I have a data frame speech_N_rows
that looks like this:
# channel start.time stop.time vp id overlaps
# 1: A 0.000 9.719 N 1 A:EE, C:N
# 2: A 9.719 11.735 N 2 A:N, D:other, A:N
# 3: C 0.264 2.032 N 3 A:N
# 4: B 26.514 28.264 N 4 B:CH1, D:N
# 5: D 82.316 82.702 N 5 C:CH2, B:CH2
# 6: D 10.354 11.666 N 6 A:EE, A:other
# 7: C 80.251 82.719 CH2 7 D:self, B:CH2
# 8: B 27.564 30.819 CH1 8 B:CH1, D:N
# 9: D 25.621 27.693 N 9 B:CH1, B:CH1
#10: A 10.354 11.666 other 10 A:EE, D:other
#11: B 80.251 82.719 CH2 11 D:self, C:CH2
#12: B 61.564 64.819 CH1 12 A:N
#13: A 60.621 62.693 N 13 B:CH1
In the overlaps
column, there are a series of strings, often, multiple strings in each cell separated by ','
I'm trying to get counts of specific strings, in this case "A:N". But I haven't figured out how to do that yet.

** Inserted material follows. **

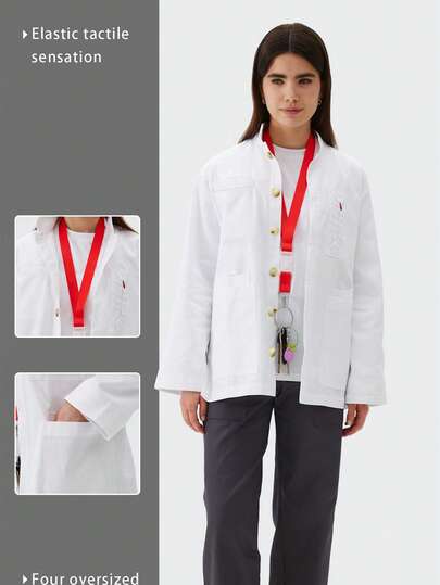 Long Sleeve Multi-Pocket Jacket, Fashionable Workwear For Lab, Beauty Salon, Lightweight Casual Outerwear - White - View 7

I can get the number of rows in which "A:N" occurs with by making vector of the 'overlaps' column and using the length function
testdata <- c(speech_N_rows$overlaps)
length(grep("A:N", testdata))
# [1] 3
However there are 4 total instances of "A:N", not 3. I can't figure out how to count multiple occurrences in the column, including multiple occurrences within a single row of the column (as is the case in row 2 of the 'overlaps' column).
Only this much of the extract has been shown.